After you have downloaded and installed SLOB, you need to get a good idea about exactly what you want to test and which metrics you will look at to determine the results. In my case we have been having some OS issues resulting in unclean shutdowns that lead to long fsck times on our Oracle data volumes, so I am investigating alternative filesystems to try to find something with performance matching or beating ext3 that won’t be subject to fsck on boot. I also chose to run tests to compare the redo logging subsystem’s performance when redo is stored on various filesystems or raw devices.

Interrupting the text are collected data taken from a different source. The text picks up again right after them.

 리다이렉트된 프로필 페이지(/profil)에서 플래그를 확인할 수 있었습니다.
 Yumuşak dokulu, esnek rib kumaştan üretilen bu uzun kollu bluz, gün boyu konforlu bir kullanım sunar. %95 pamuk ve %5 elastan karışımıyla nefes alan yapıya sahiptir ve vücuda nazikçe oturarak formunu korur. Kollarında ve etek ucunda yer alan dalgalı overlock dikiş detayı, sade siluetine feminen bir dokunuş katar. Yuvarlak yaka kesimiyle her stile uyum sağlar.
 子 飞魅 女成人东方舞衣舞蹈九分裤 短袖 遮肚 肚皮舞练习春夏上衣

So I am running three different tests:

  1. Pure read-only I/O performance
  2. Concurrent read-write I/O performance
  3. Write-only redo I/O performance

For each test I first needed to identify an appropriate metric. For read-only performance the obvious choice is physical reads per second. For concurrent read-write performance I measured the sum of physical reads per second and physical writes per second. For redo performance I measured redo generated per second.

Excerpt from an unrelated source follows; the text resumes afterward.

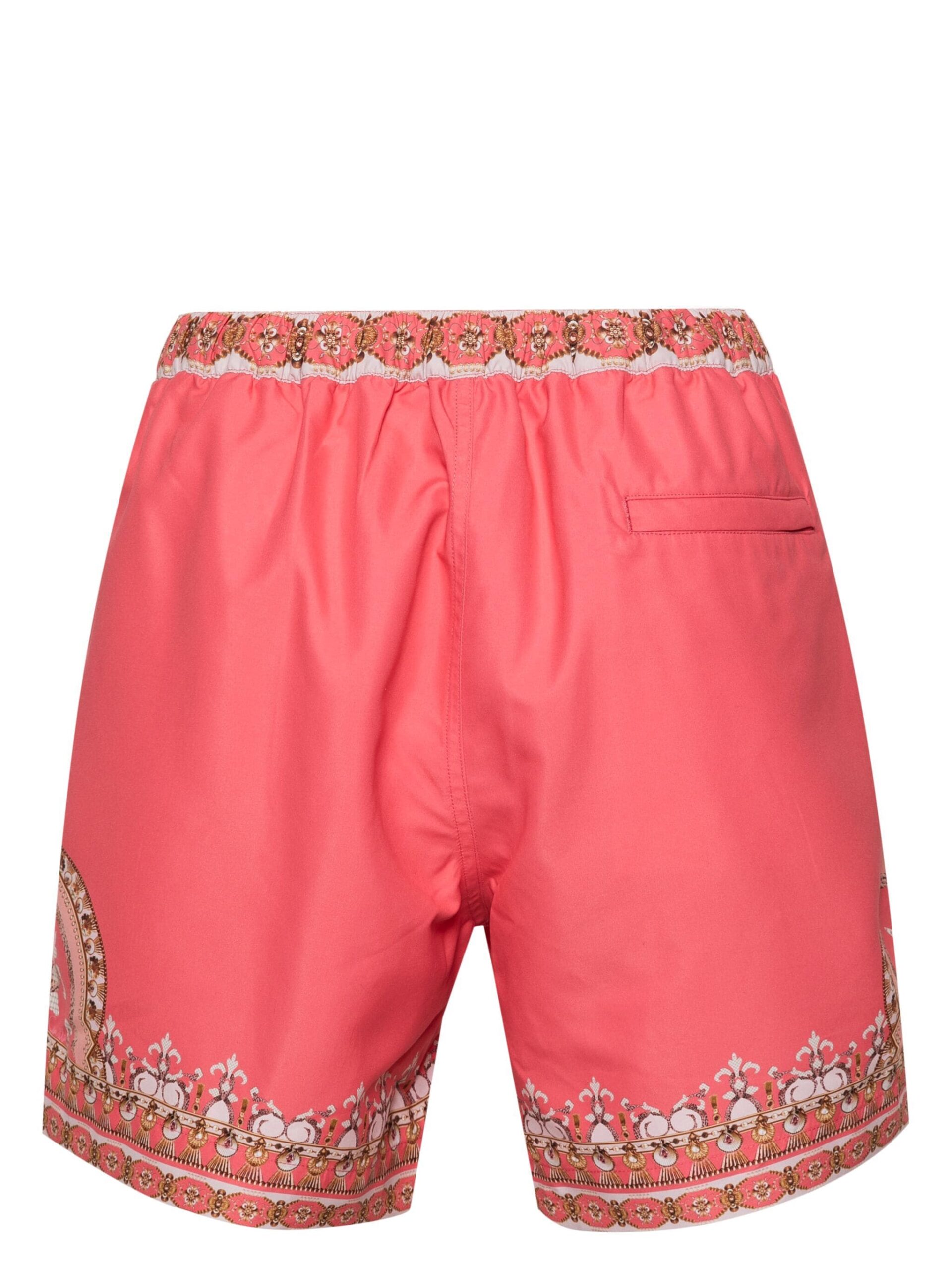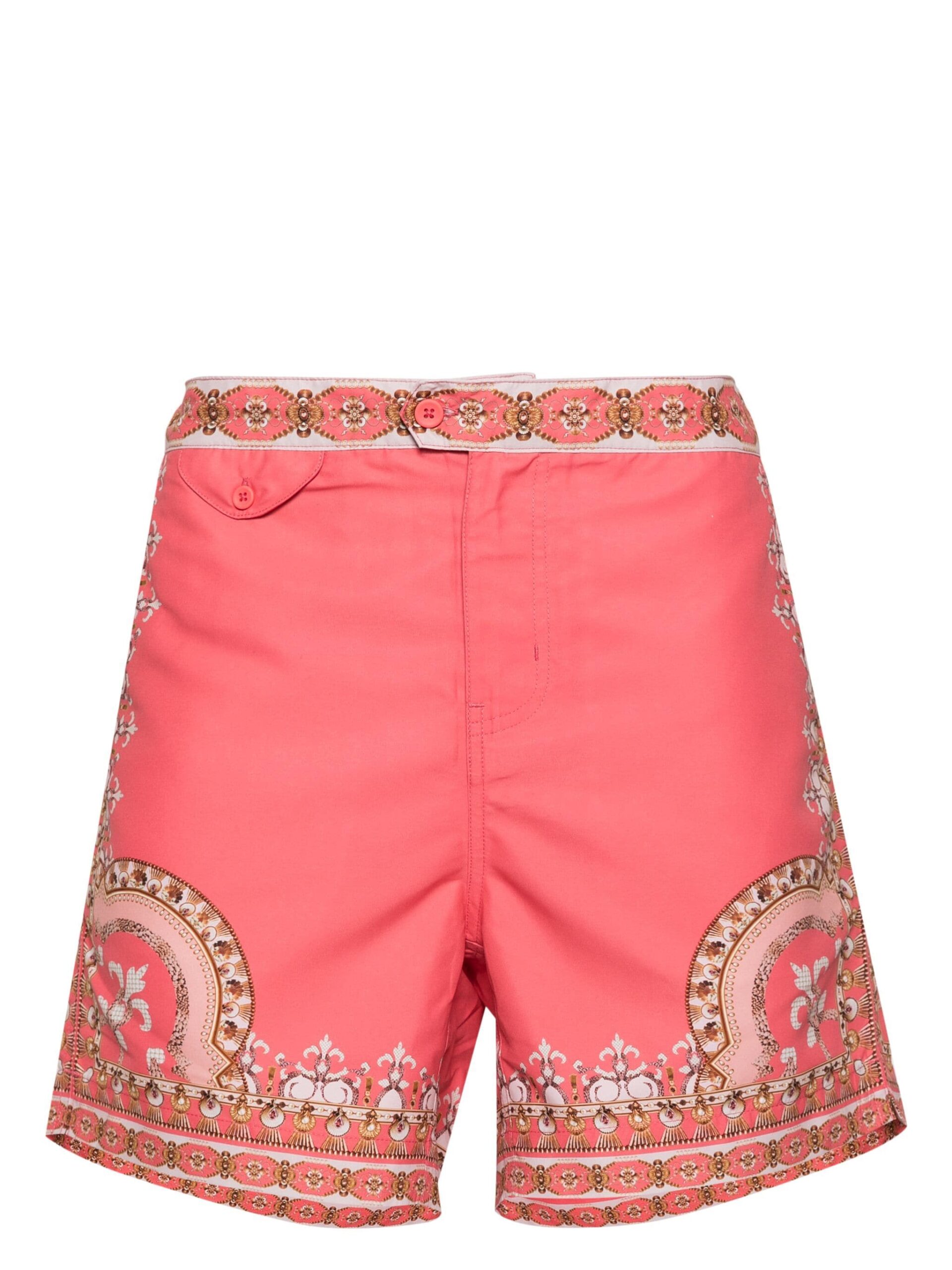 Sort de baie roz din poliester reciclat, inchidere cu nasture, buzunar la spate, model grafic Camilla Shell Games imprimat pe toata suprafata si croiala relaxata. 100% poliester reciclat; 85% nailon; 15% elastan. Aveti grija sa probati costumele de baie deasupra propriilor articole de imbracaminte.

After selecting your metrics you next need to determine how to configure the database to make sure you are testing what you wanted to test. To that end, I configured the database as described below. If you want to use SLOB to test other aspects of performance you need to monitor the wait events noted in your AWR reports to be sure that the database isn’t doing something you don’t really want to test. For example, if you are running a ton of SLOB tests overnight and the autotask window kicks in and the SQL Tuning Advisor or Segment Advisor start running, those will skew your results so you may wish to disable those tasks.

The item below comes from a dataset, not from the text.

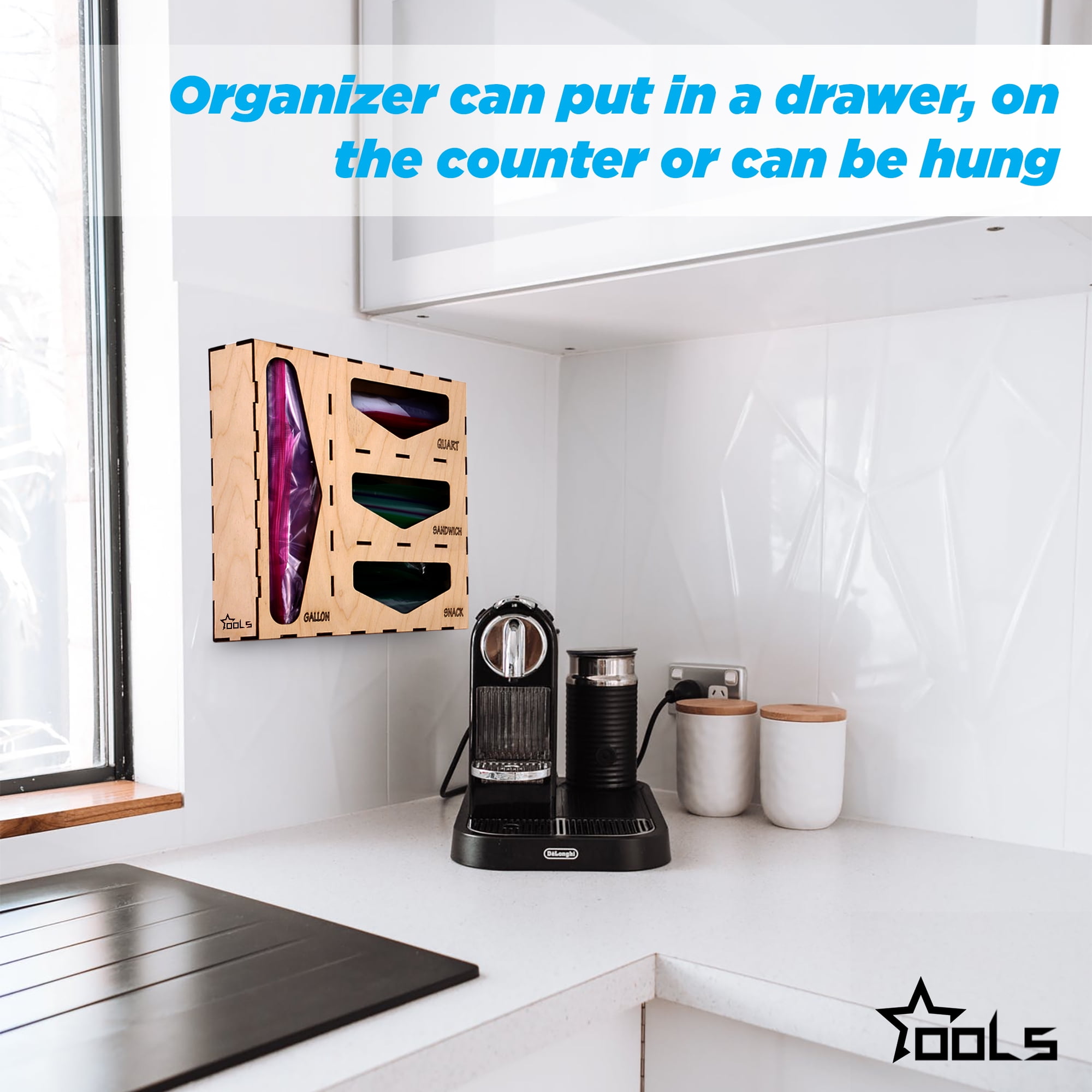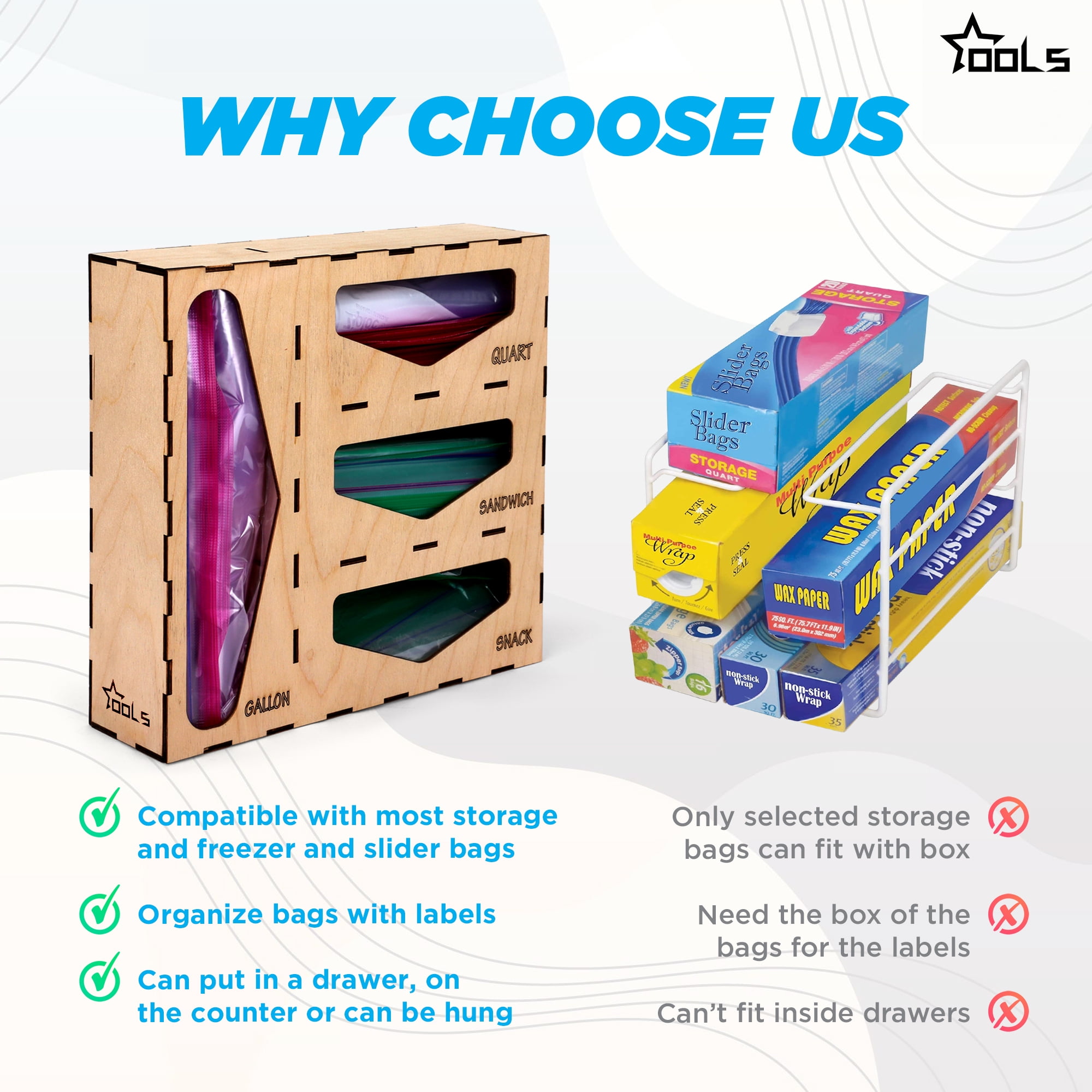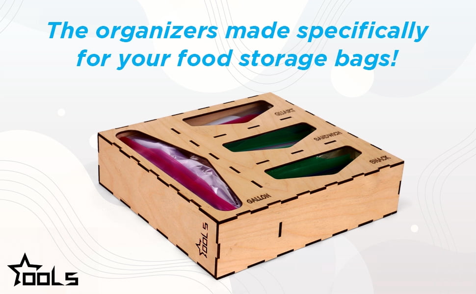 FINALLY! The Organizers Made Specifically For Your Food Storage Bags! No More Mismatched And Torn Up Broken Boxes. The Organizer Comes With 1 Section Of Gallon Box, 1 Section Of Quart Box, 1 Section Of Sandwich Box & 1 Snack Box. COMPATIBLE WITH MOST BRANDS: Compatible With Ziploc, Hefty, Glad, Up&up & Greatvalue Storage, Freezer And Slider Bags. Not Compatible With Quart Size Slider Bags. LASER ENGRAVING: Laser Engraved Letters That Will Last A Lifetime! No Rubbed Off Letters. No Peeling Labels. Due To The Nature Of Wood Material, Slight Color Variations At The Engraved Letters Is Normal. NO ASSEMBLING REQUIRED! Our Handcrafted Drawers Organizer Storage Boxes Come Fully Assembled. No Glue, No Hassle! EASY TO CLEAN: Simply Wipe Clean With Damp Cloth. Do Not Put In Dishwasher Or Microwave.Ziplock bag storage organizer–Kitchen Drawer Organizer Compatible With Zipl, Glad, Hefty For Gallon, Quart, Sandwich & Snack Variety Size Bags

Setting Up Test Parameters

Each test requires a different set of initialization parameters and other configuration to isolate the desired variable (filesystem or raw device, in my case). I think the parameters I used are valid for the tests I ran, but I am very interested in any comments from others. For each of the various filesystems I wanted to test, the storage admin created a LUN, mounted it to the server, and created the filesystem (or configured the raw device). I put a separate tablespace on each LUN, each containing a single 10GB datafile.

Read-Only I/O Performance

This is the easiest item to force. I want the database to fulfill read requests from disk rather than from the buffer cache, so I simply took my existing baseline configuration (as used for our SAP systems) and set db_cache_size to 64M. With such a small buffer cache only minimal data will be cached, and the majority of reads will come from disk. You can confirm this in the SLOB-generated AWR report by verifying that the number of physical reads per second is relatively close to the number of logical reads per second. For example, if you show 20,000 logical reads per second and only 100 physical reads per second, you haven’t done it right as most gets are coming from cache. You may need to lie to Oracle about your CPU_COUNT to get your buffer cache small enough to force physical read I/O.

To run these tests in SLOB, I used 8, 16, and 32 concurrent user read sessions and zero writers.

Concurrent Read-Write I/O Performance

This one took a lot of effort for me to come up with a setup that measured what I wanted. Initial efforts showed significant waits on log buffer space or cache buffers chains and a lot of redo generation without corresponding physical writes so I had to tweak things until I found a setup that (mostly) produced AWR reports with “db file sequential read”, “db file parallel read”, “write complete waits” and “DB CPU” within the top waits.

I eventually settled on a db_cache_size of 128M to force read I/O to physical while allowing writes to occur without waiting on cache buffer chains. I set log_buffer=1073741824 to reduce log buffer waits on writes, though Oracle seems to have limited the log buffer to 353,560K as reported in the AWR reports. I created three 64M redo logs on raw devices and ran the database in NOARCHIVELOG mode to force frequent checkpoints and corresponding physical writes to datafiles and exclude any I/O spent on archiving redo logs.

To run these tests in SLOB, I used 8, 16, and 32 concurrent user sessions, with half of them as readers and half of them as writers.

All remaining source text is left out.